How Labour's policies could affect commercial property

New Zealand's oldest operating political party has begun its sixth term in government and much has already been said about how Labour's policies will affect property markets and businesses. Unfortunately, so much of the commentary has been either alarmist or overly positive.

Let's take a step back and consider where the most significant changes will be - from the IT industry in Dunedin through to forestry in the Far North. 
 

Dunedin's burgeoning IT industry

In 2012 the Dunedin Council developed a comprehensive economic development plan to boost growth, including a goal to grow the city as an IT and digital hub.

Just four years later and Dunedin's IT, digital and gaming sectors employ almost 2,000 people and generate $330 million in GDP, according to the New Zealand Technology Industry Association . What's more, in 2013 the city was named New Zealand's first gigatown and now boasts the southern hemisphere's fastest internet. 

Labour has pledged to support this growth, offering $10 million in funding over the next decade, with the aim of growing the digital and IT sector in Dunedin into a $1 billion industry by 2027. If this ambitious goal is reached Dunedin will fundamentally change. More startups and tech businesses will flock to the city, creating jobs and a demand for highly specialised, skilled workers. 

Data from realestate.co.nz shows that this growth may already be increasing demand for commercial offices, as space available for sale has decreased by almost 50 per cent from the same time last year. Opportunistic commercial investors should keep an eye on the region. If Labour's plans come to fruition growth in Dunedin office space could be one of New Zealand's most exciting commercial property trends in 2018 - with the potential for high rental yields, and long-term capital growth.
 

Regional development and the growth of the forestry sector

One of the most prominent features of the Labour-New Zealand First coalition deal  is the promised $1 billion Regional Development fund. This includes;
●    Significant investment in regional rail.
●    Planting 100 million trees per year for a decade.
●    Consideration of the feasibility of moving Auckland's ports to Northland.
●    Relocating government functions to the regions. 

These initiatives could be where the Labour government's effects on property markets are most keenly felt.
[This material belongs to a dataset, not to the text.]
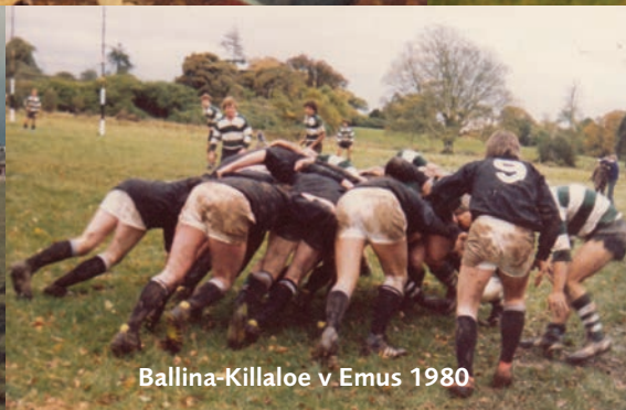
Ballina-Killaloe v Emus 1980

For one, if Northport is found to be a viable alternative to the Auckland Port the entire area will be transformed.

Residential and commercial property around Marsden Point will rapidly increase in value as the new port drives huge increases in demand. According to realestate.co.nz data industrial property for sale in Northland goes for just $1009 per sqm on average, less than a quarter of the Auckland average.

Assuming Northport is as profitable as the Auckland ports, over $100 million could pour into the area every year revitalizing the economy, driving up property prices and increasing household incomes. 

Rapid rail transit is another interesting proposal which could spur considerable growth, particularly in Hamilton and Tauranga. Labour's policy details a three stage plan to analyse the business case and feasibility of connecting these three cities with a rapid regional rail transit system. This would support population and economic growth in both Hamilton and Tauranga going forward.
 

Rail lines


What does this mean for commercial property?

At this early stage the Labour-NZ First Government hasn't released the exact details of the allocation of their regional development fund. It's unclear which government functions will be relocated, and to where, and the relocation of Auckland's ports is also up in the air. 

However, what we do know is that wherever the investment goes, commercial property opportunities are likely to follow. Dunedin's tech investment, for example, may bolster the city's office market offering opportunities for commercial property investors willing to take them. Northport and the expansion of the forestry sector could do the same for industrial property in the affected areas.  

Keeping a close eye on the government's movements and acting quickly could be the key to snapping up a lucrative property opportunity in New Zealand's next regional growth area (while it's still affordable).